Sunday, August 5, 2007

Chapter 8 - Lunch

Red led me back to the holding cell and brought me a tuna sandwich on stale white with a Sam's Choice cola and an outdated bag of Golden Flakes – all placed carefully with a napkin in a box. It was actually a corrugated board box from soda cans the vending machine guy left. Flagler County deputies decided to recycle the case bottoms as trays for the inmates so they could take the plastic ones home to be used as TV trays to hold Buds and Dominos Pizza while they watched their favorite college football team, Gators or Seminoles or Bulldogs.

As crappy as lunch was I finished every morsel. Is this to be my future? I wondered if long term prisoners get Prozac. Maybe I would have to act a bit crazy and get in a psych jail to get drugs so that I could try to forget where I was. I was really having a bad time conceiving a defense in my head. I knew what happened but the only other person who knew was dead, and she tried to make sure that all guilt pointed my way. I sat on the hard bench, the steel making a stamped indent in my ass. No books or electronic stimulation. It was just me and my mind. No music from my iPod, not even another conscious prisoner to talk to. I would almost welcome a conversation with Red or Junior at this point, but that would be a mistake, besides not reality. What did I know of reality anymore anyway? Was this morning real? Did Rachel chase me down, or did I chase her. Did I really kill her and my mind was telling me she set me up so I could cope?

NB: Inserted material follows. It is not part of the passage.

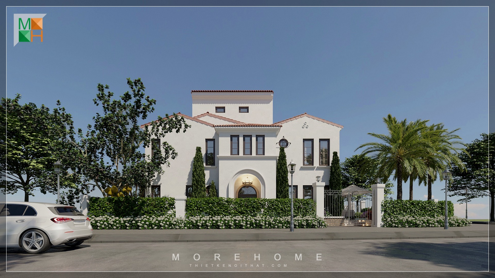 Thiết kế biệt thự 3 tầng phong cách địa trung hải màu sắc chất liệu tối giản những mang lại cảm giác rộng rãi thoải mái tạo sự dễ chịu và thẩm mỹ cao cho không gian

Let's assume my mind is tricking me, what would be my motive? Then again what was hers? Why the fuck did she do this? And why did she do this to me? Fuck!

I was having a difficult time with my anger. I knew if I couldn’t contain myself during the interrogation I would be screwed. I tried to calm myself but couldn’t seem to redirect on something serene.

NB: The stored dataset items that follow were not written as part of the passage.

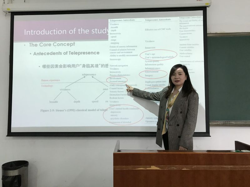 10月14日上午,南开大学商学院信息资源管理系讲师张丹老师应经济与管理学院信息管理与电子商务研究所邀请,在经济与管理学院704会议室作了题为“虚拟环境中用户‘身临其境’感觉的探索性研究”的精彩学术报告。报告由讲师肖琳主持,副教授宋连莲、讲师刘文龙等老师及部分硕士、博士研究生参加了本次学术讲座。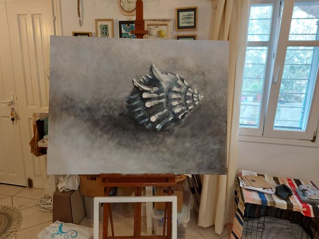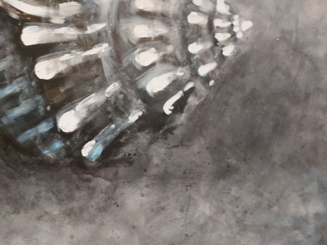 I’m pretty pleased with it. I’ve rarely worked on something this size – 120cm x 90cm. But I like it, it was fun. It was done on a recycled canvas so now I’m looking for more large canvases to recycle!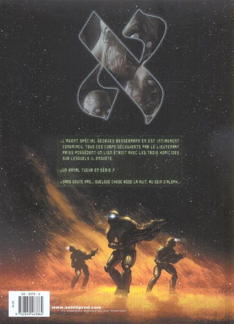2258, Aleph. Deux enquêtes sont en cours... La première, menée par le lieutenant Nawel Priss pour le compte d'une multinationale, concerne la mort suspecte de trois cents membres de l'équipage du vaisseau cathédrale Luna, et la disparition d'un gaz indispensable à l'oxygénéisation : le Muta-Arsenic. La seconde, menée par l'agent spécial Georges Bessermann, concerne trois homicides. Les victimes ont été vidées de leurs fluides vitaux, leur colonne vertébrale a été prélevée, et le meurtrier les a tous affublées d'un curieux tatouage... Bessermann en est convaincu : les deux affaires sont liées !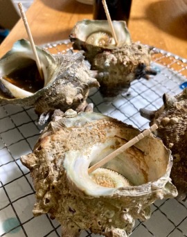 長浜鮮魚市場(前記事)でGETした、サザエ&クジラ刺身、昨日の晩に実食。最高最高w

As much as she hurt me, my thoughts focused on Rach and what we had. I met her at the office. She sold high end computer software and our company was growing. We hadn’t quite gone public at the time but were in the process. The Internet “dot-flops” had filtered off the big board and the Enron scandal was at its height. Congress began to investigate and Sarbanes-Oxley started to get some teeth. Clearly the rules of corporate engagement would be different for me. I always held my head high as a CFO, but as I watched my peers go to trial for falsifying financial statements, I realized nerd white collar criminals were no longer exempt. I certainly would have been more concerned to be the fall guy for a CEO and go to jail for something only related to cash. Never would I have dreamed that I would be behind bars for murder.

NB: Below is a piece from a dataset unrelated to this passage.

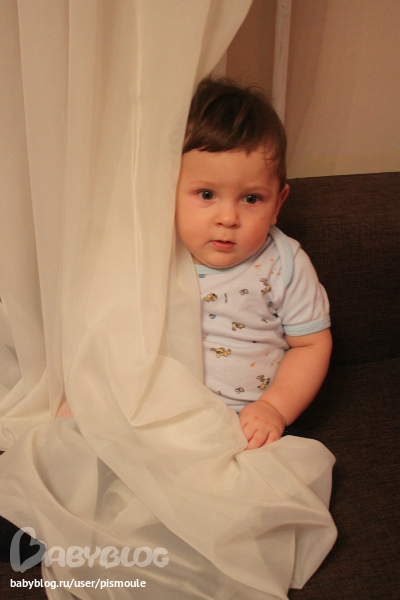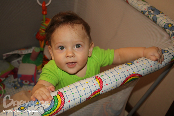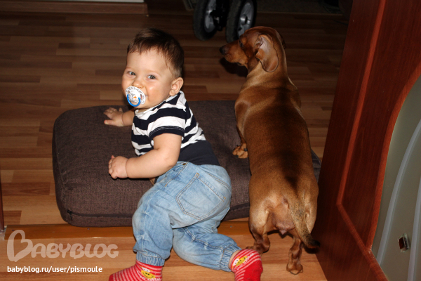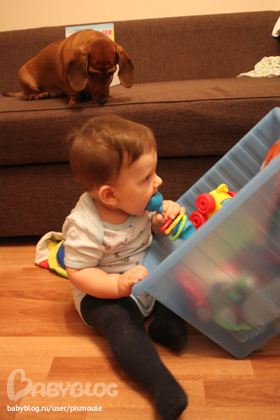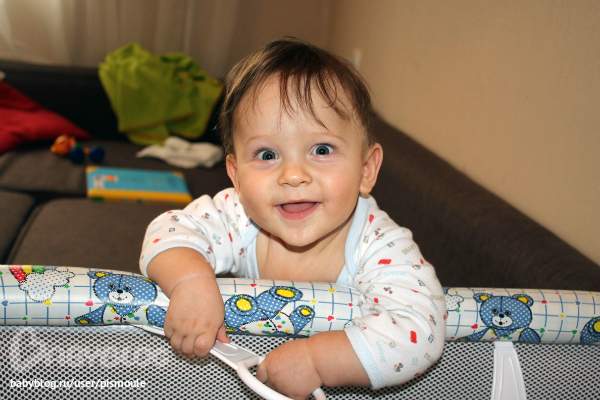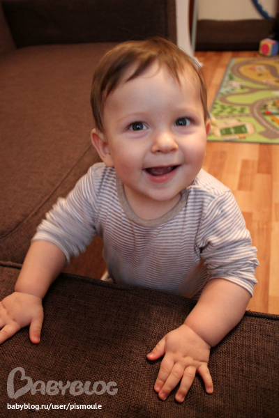 а теперь про умелки) ползать мы начали где-то в 7 месяцев и сейчас уже довольно шустро летаем по квартире, особенно за котом или собакой, уверенно сидим из любого положения, но сидеть уже не нравится особо, нравится стоять!!! одной рукой держится за опору, а другой хватает все, что не прибито и до чего может дотянуться. животные спасаются теперь только тем, что пытаются куда-то повыше забраться или спрятаться))) игрушки, которые все многочисленные родственники скупают в больших количествах, мы не любим, играем с пультом, маминым телефоном (если мама не успела его спрятать), папиными наушниками, различными кнопочками на технике. а еще у нас очень вкусные ботинки, а когда совсем станет скучно, то можно отправиться за собачими игрушками, тут и собака сразу же прибежит, вместе веселее играть))) еще очень любим играть в "ку-ку", это когда Денис прячется за шторой, а мама его ищет) из говорилок у нас пока только "а!" и "грррррррррр", но будем стараться в этом направлении.

So there was Rachel, one of the new breed of power female sales superstars. They usually appealed to married overweight balding executives and middle managers who enjoyed the time spent privately in their office with a flirtatious sales woman. It was very safe. Safe for the executive, whose family pictures on the credenza and wall were a reminder that the flirtation can be no more than a fantasy. Safe for the power suit chick, who knew the same, and therefore could flirt endlessly with her eyes and body language, the only sale to be that of equipment – or software – or services, but not the kind that required removal of clothing other than what may have passed through the mind of her opponent across the desk.

If she could flirt enough for him to convert the cleavage and possible nipple bulge if the office was cold enough to a naked visual in his mind, she could use the trance to get him to remove the cap of his Monte Blanc and place the tip of his pen to ink the contract. That was her thrill. The “thrill of the kill,” as salespeople well know. For many it was better than sex. If the contract was large enough the reward more lucrative than a five thousand dollar a day call girl. There was little difference between the two except for one sold her body and the other her soul. She would say anything to get the contract – they were both whores, only one was legal and the other not.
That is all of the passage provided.